Problem 2: Linear Regression Class

Let's say you want to create Python classes for three related types of linear regression: Ordinary Least Squares Linear Regression, Ridge Regression, and Lasso Regression.

Consider the multivariate linear model:

$$y = X\beta + \epsilon$$

where $y$ is a length $n$ vector, $X$ is an $m \times p$ matrix, and $\beta$ is a $p$ length vector of coefficients.

Ordinary Least Squares Linear Regression

OLS Regression seeks to minimize the following cost function:

$$\|y - \beta\mathbf {X}\|^{2}$$

The best fit coefficients can be obtained by:

$$\hat{\beta} = (X^T X)^{-1}X^Ty$$

where $X^T$ is the transpose of the matrix $X$ and $X^{-1}$ is the inverse of the matrix $X$.

Ridge Regression

Ridge Regression introduces an L2 regularization term to the cost function:

$$\|y - \beta\mathbf {X}\|^{2}+\|\Gamma \beta \|^{2}$$

Where $\Gamma = \alpha I$ for some constant $\alpha$ and the identity matrix $I$.

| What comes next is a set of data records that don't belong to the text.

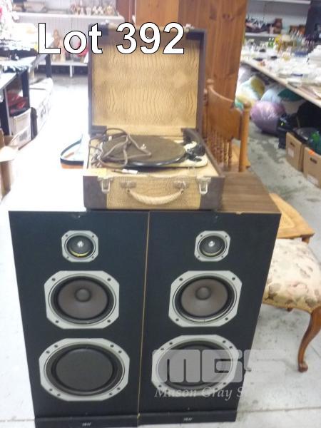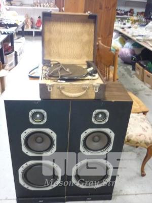 VINTAGE GIBBONS & DENHAM PORTABLE TURNTABLE & PAIR OF STEREO SPEAKERS
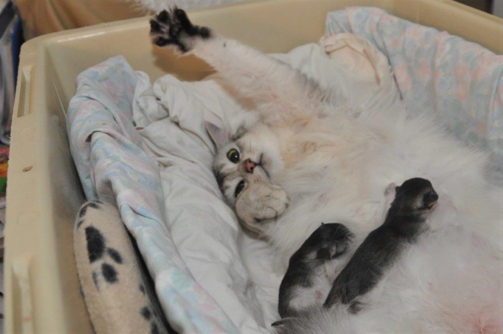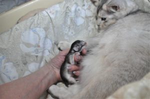 Eerder in de decembermaand had Elfie al een paar dagen bij Per Sé gelogeerd maar toen was het niet gelukt. Dat was best zielig voor beide dieren. Tegen haar gewoonte in werd Elfie weer heel snel krols en mocht ze op herhaling. Gelukkig lukte het toen wel. Slechts één keer maar wel luid en duidelijk. En het resultaat is dus gisteren geboren. Een paar dagen eerder dan verwacht maar beslist niet te vroeg. Elfie had een enorme buik en was heel erg zwaar. Het leek er dus op dat het weer een groot nest zou worden. In 2017 waren het er vijf. Ik was nu, doordat er maar één keer gedekt was geweest, al heel dankbaar wanneer het er meer dan één zou zijn. En dat was het ook: twee! Een zwartzilveren poesje en een dito katertje.
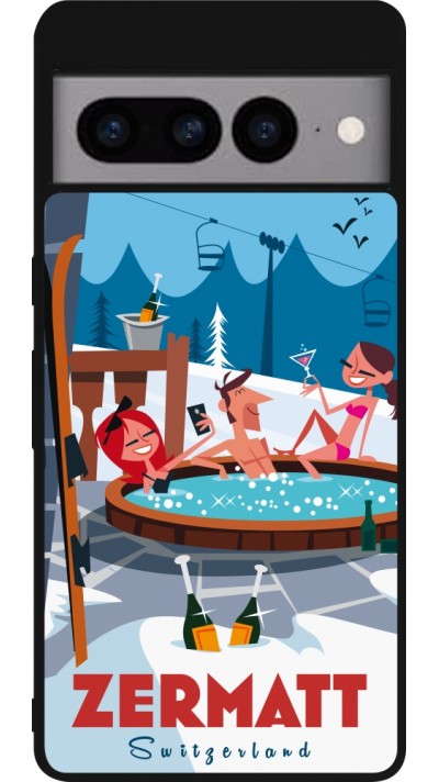 Google Pixel 7 Pro Case Hülle - Silikon schwarz Zermatt Mountain Jacuzzi
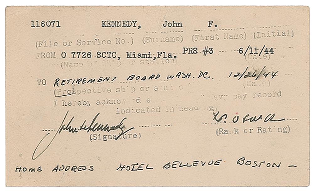 - John F. Kennedy’s signed “retirement card” from the Navy, June 11, 1944, listing his “Home Address, Hotel Bellevue—Boston”
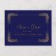 Um cartão postal de salvar a data elegante e personalizável com renda dourada e azul.
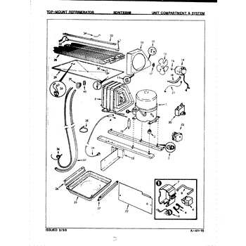 Plastic defrost pan. Evaporator pan hangs from side rails and rests on compressor.
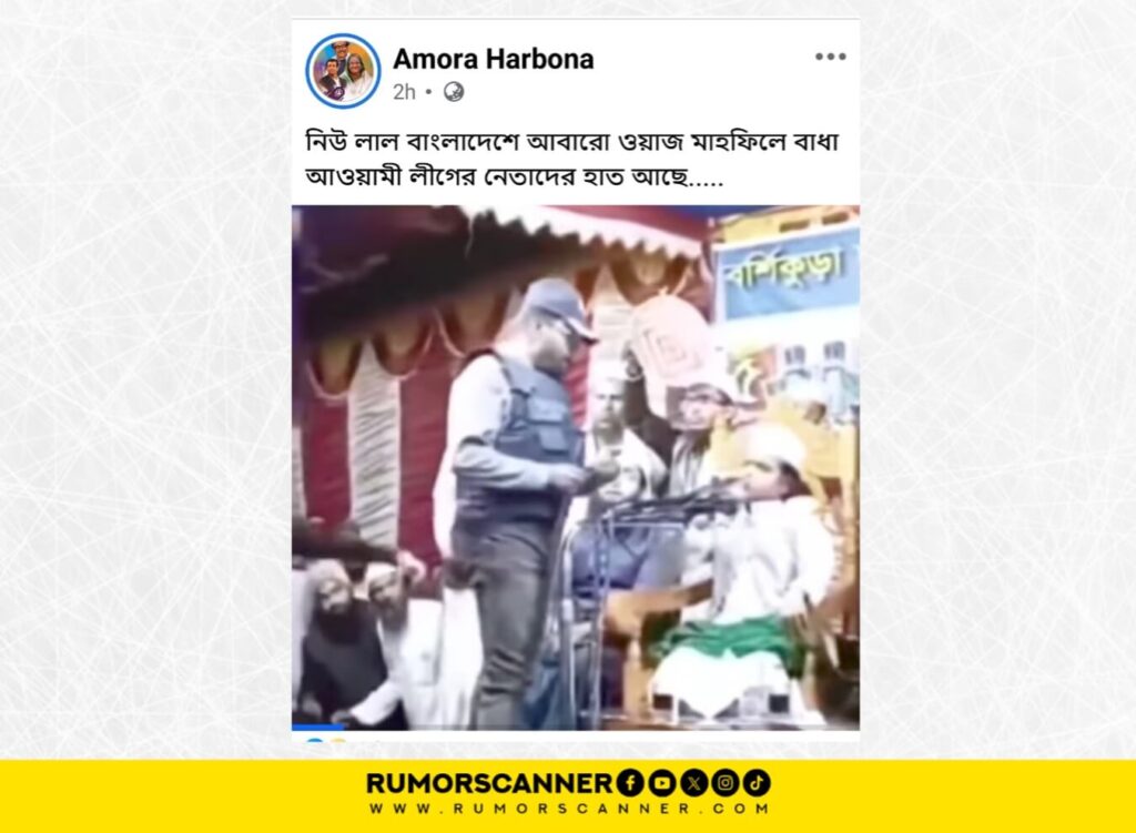 সম্প্রতি সামাজিক যোগাযোগ মাধ্যমে একটি ভিডিও প্রচার করে দাবি করা হচ্ছে, “নিউ লাল বাংলাদেশে আবারো ওয়াজ মাহফিলে বাধা। আওয়ামী লীগের নেতাদের হাত আছে।”
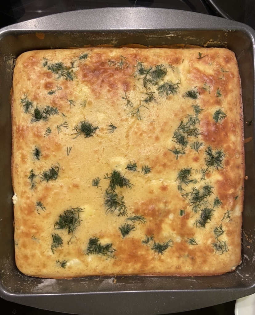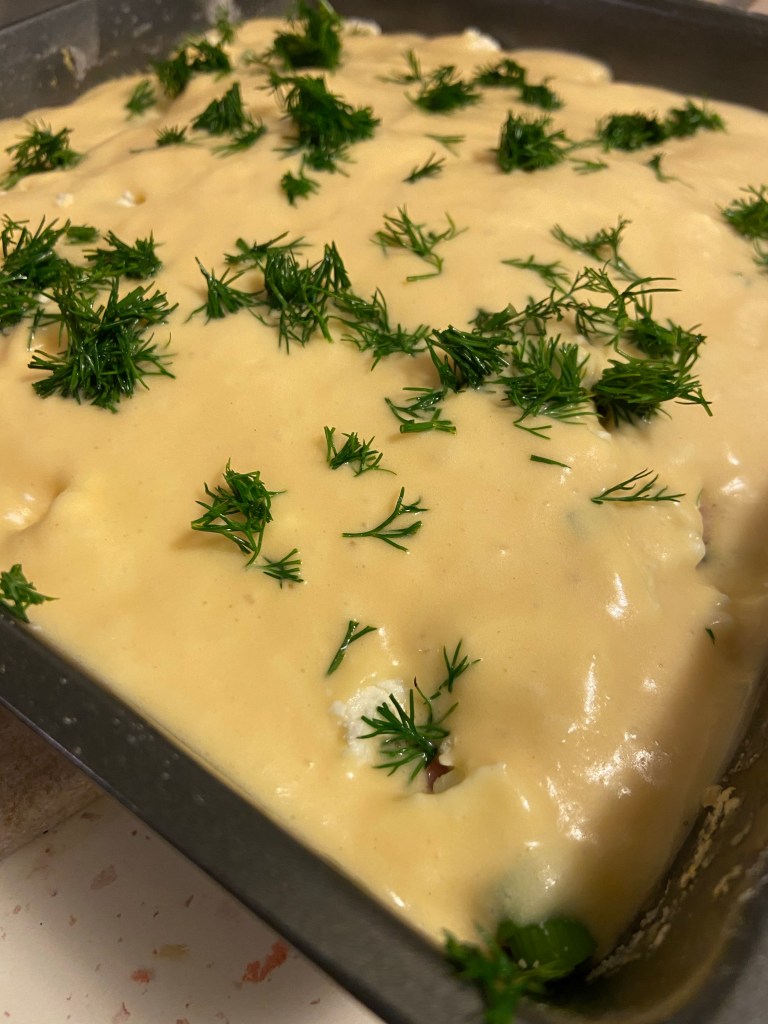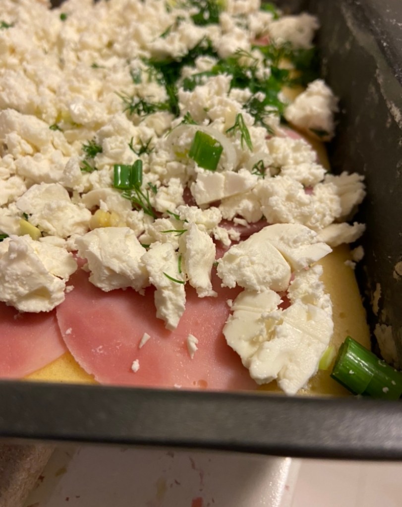 Pentru a fi rapizi și ordonați, e bine să ne pregătim Ingredientele dinainte. Topim untul și îl lăsăm un pic la răcit. Separăm albușul de gălbenuș și amestecăm făina cu praful de copt. Brânza o pasăm cu furculița și tocăm mărunt ceapa verde și mărarul.
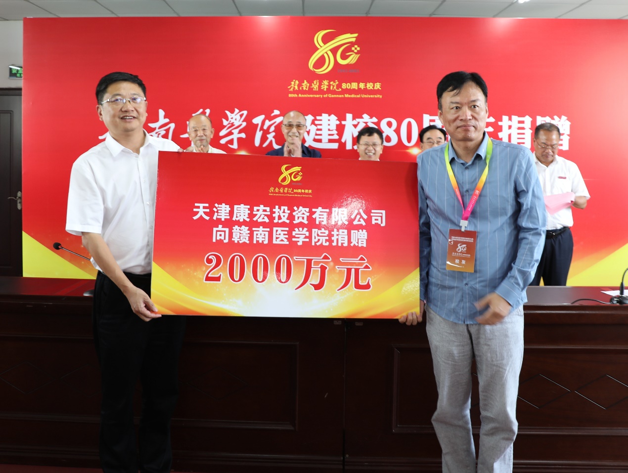 张小康在致辞中向参与此次校庆捐赠的单位、企业以及社会各界人士表示崇高的敬意和衷心的感谢。张小康表示,通过一代代赣医人的接续奋斗,学校已走过80年的光辉历程。近年来,学校紧盯“更名大学”目标,深入推进“五大工程”建设,凝心聚力、加压奋进、攻坚克难,人才培养质量不断提高,学科建设特色凸显,科研实力显著增强,校园面貌全面改观,综合实力和社会影响力持续提升,走出了一条具有赣医特色的医学教育发展之路。张小康指出,学校成绩的取得,离不开所有赣医人和衷共济与孜孜追求,更离不开社会各界、广大校友的风雨相伴与鼎力支持。各教学医院、实习医院和友好医院持续为赣医学子提供优越的教学和实习条件,为学校人才培养贡献了重要力量;广大校友始终心系赣医,用心用情予以母校支持,源源不断为学校发展提供强大动力;还有社会各界爱心企业和友好人士,在此次校庆活动中积极捐款捐物,以行动践行着对赣医的美好祝愿。张小康强调,学校将始终牢记为党育人、为国育才的初心使命,落实立德树人根本任务,坚持改革创新发展,为国家培养更多德技双馨的有用之才,力争早日建成特色鲜明、人民满意、国内知名的高水平应用型医科大学。
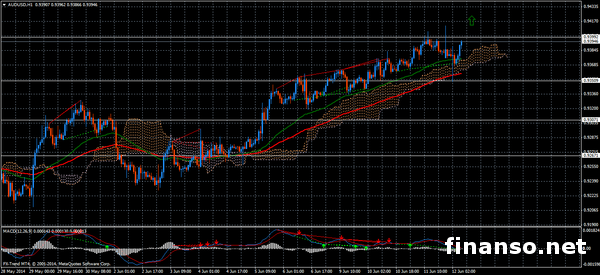 Пара AUD/USD не сумела продолжать восхождение и остановилась в зоне коррекции. Торговая область составила около 62-х пунктов. Показатель цены Low снизился к минимальной отметке 0.9349 на территории коррекции. Показатель цены High переместился к пику на отметке 0.9412, обновив месячное максимальное значение. На протяжении дня ожидается продолжение увеличения стоимости. Затяжная коррекция практически исключена, отметили специалисты брокерской компании ForexTrend в разговоре с журналистами авторитетного онлайн-издания «Украина сегодня: Finanso.net».Пара валют AUD/USD продолжит восхождение. Стоимость, как и раньше, располагается над показателем облака Ишимоку и скользящих средних EMA (50 и 100), говоря тем самым о преимущественном положении рынка «быков». MACD средние, как и OsMA импульсы носят положительный характер и продолжают увеличиваться, указывая на предстоящую покупку в ближайшем будущем. Значимыми показателями для покупки выступают отметки 0.9266; 0.9307; для продажи - 0.9226. Целью является увеличение на 50-60 пунктов по возрастающей. В четверг, 12 июня, пара AUD/USD по-прежнему растет и в результате пробила уровень 0.9400 в процессе европейских сессионных торгов. В настоящее время пара старается удержать позиции над этим показателем. Пара AUD/USD пробила максимумы мая и достигла 2-месячной вершины на отметке 0.9413, поскольку инвесторы опять заинтересованы высокодоходными валютами. Оззи ведет торги на уровне 0.9407 с ростом на 2,9%, в то время как игроки Форекс находятся в ожидании данных из Америки. |
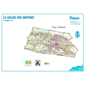 - Pose/dépose : 7 petits circuits , à effectuer en binôme, avec 1 poste à poser, puis un à déposer. L’objectif n’est pas de recartographier la zone, mais de poser efficacement un poste, en ayant une bonne image mentale de la zone, en ayant lu sa définition et en prenant en compte l’environnement du poste. Puis aller vérifier l’emplacement du poste du binôme. Si le poste vous semblebien posé, le retirer et rentrer au départ. S’il y a un souci, revenir au départ puis repartir avec son binôme et éventuellement un coach pour discuter de l’emplacement
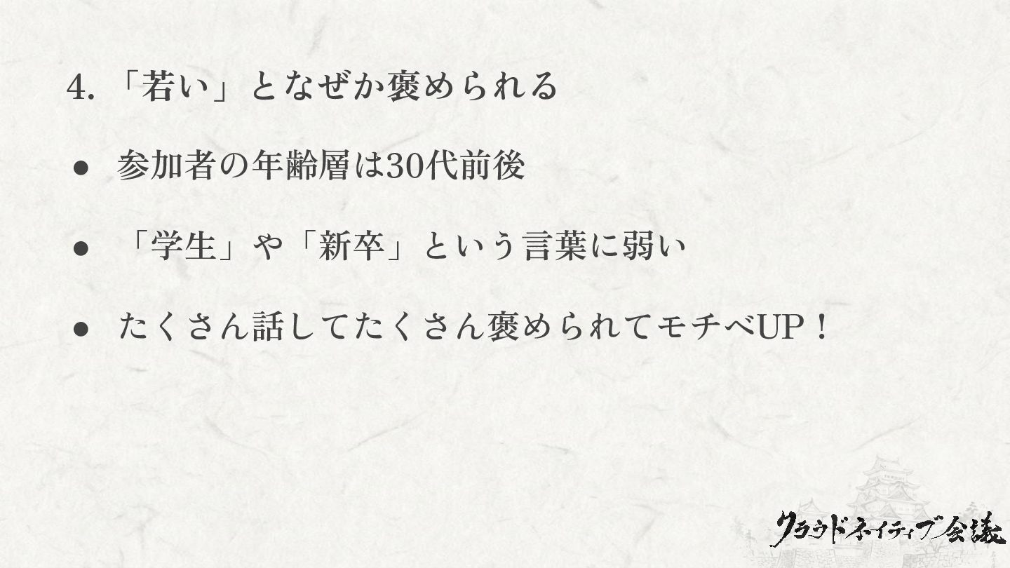 4. 「若い」となぜか褒められる • 参加者の年齢層は30代前後 • 「学生」や「新卒」という言葉に弱い • たくさん話してたくさん褒められてモチベUP!
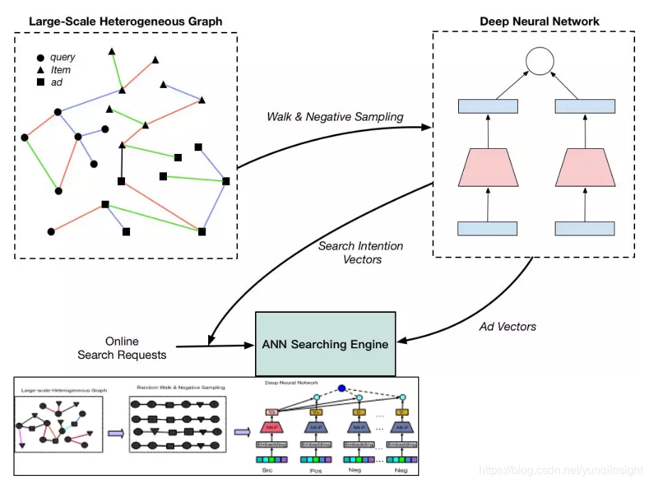 我们首先使用一些传统的挖掘算法,从用户行为日志、内容属性等维度挖掘出Query(查询词), Item(商品)和Ad(广告)的多种关系,然后利用Euler平台的LsHNE方法学习图中节点的embedding,这里节点embedding后的空间距离刻画了原来图中的关系,对于在线过来的请求通过计算用户查询词向量、前置行为中节点向量和广告节点向量之间的距离进行高效的向量化最近邻检索,可以快速匹配到符合用户意图的广告。图2展示了LsHNE方法的离线和在线流程。具体图3展示了样本构造和网络结构示意。

The best fit coefficients can be obtained by: $$\hat{\beta} = (X^T X+\Gamma^T\Gamma)^{-1}X^Ty$$

Lasso Regression

Lasso Regression introduces an L1 regularization term and restricts the total number of predictor variables in the model. The following cost function: $${\displaystyle \min _{\beta _{0},\beta }\left\{{\frac {1}{m}}\left\|y-\beta _{0}-X\beta \right\|_{2}^{2}\right\}{\text{ subject to }}\|\beta \|_{1}\leq \alpha.}$$

does not have a nice closed form solution. For the sake of this exercise, you may use the sklearn.linear_model.Lasso class, which uses a coordinate descent algorithm to find the best fit. You should only use the class in the fit() method of this exercise (ie. do not re-use the sklearn for other methods in your class).

$R^2$ score

The $R^2$ score is defined as: $${R^{2} = {1-{SS_E \over SS_T}}}$$

Where:

$$SS_T=\sum_i (y_i-\bar{y})^2, SS_R=\sum_i (\hat{y_i}-\bar{y})^2, SS_E=\sum_i (y_i - \hat{y_i})^2$$

where ${y_i}$ are the original data values, $\hat{y_i}$ are the predicted values, and $\bar{y_i}$ is the mean of the original data values.

Part 1: Base Class

Write a class called Regression with the following methods:

$fit(X, y)$: Fits linear model to $X$ and $y$.

$get\_params()$: Returns $\hat{\beta}$ for the fitted model. The parameters should be stored in a dictionary.

$predict(X)$: Predict new values with the fitted model given $X$.

$score(X, y)$: Returns $R^2$ value of the fitted model.

$set\_params()$: Manually set the parameters of the linear model.

This parent class should throw a NotImplementedError for methods that are intended to be implemented by subclasses.


In [1]:
class Regression(object):
    
    def __init__(self):
        self.params = dict()
    
    def get_params(self):
        return self.params
    
    def set_params(self, **kwargs):
        for k,v in kwargs.iteritems():
            self.params[k] = v
        
    def fit(self, X, y):
        raise NotImplementedError()
        
    def predict(self, X):
        raise NotImplementedError()
        
    def score(self, X, y):
        raise NotImplementedError()

Part 2: OLS Linear Regression

Write a class called OLSRegression that implements the OLS Regression model described above and inherits the Regression class.


In [2]:
class LinearRegression(Regression):
    
    def __init__(self):
        super()
        #super(LinearRegression, self).__init__() # For Python2.7 only
        
    def fit(self, X, y):
        X = np.append(np.ones((X.shape[0], 1)), X, axis=1)
        beta = np.linalg.pinv(X.T.dot(X)).dot(X.T).dot(y)
        self.params['coef'] = beta[1:]
        self.params['intercept'] = beta[0]
    
    def predict(self, X):
        return np.dot(X, self.params['coef'])+self.params['intercept']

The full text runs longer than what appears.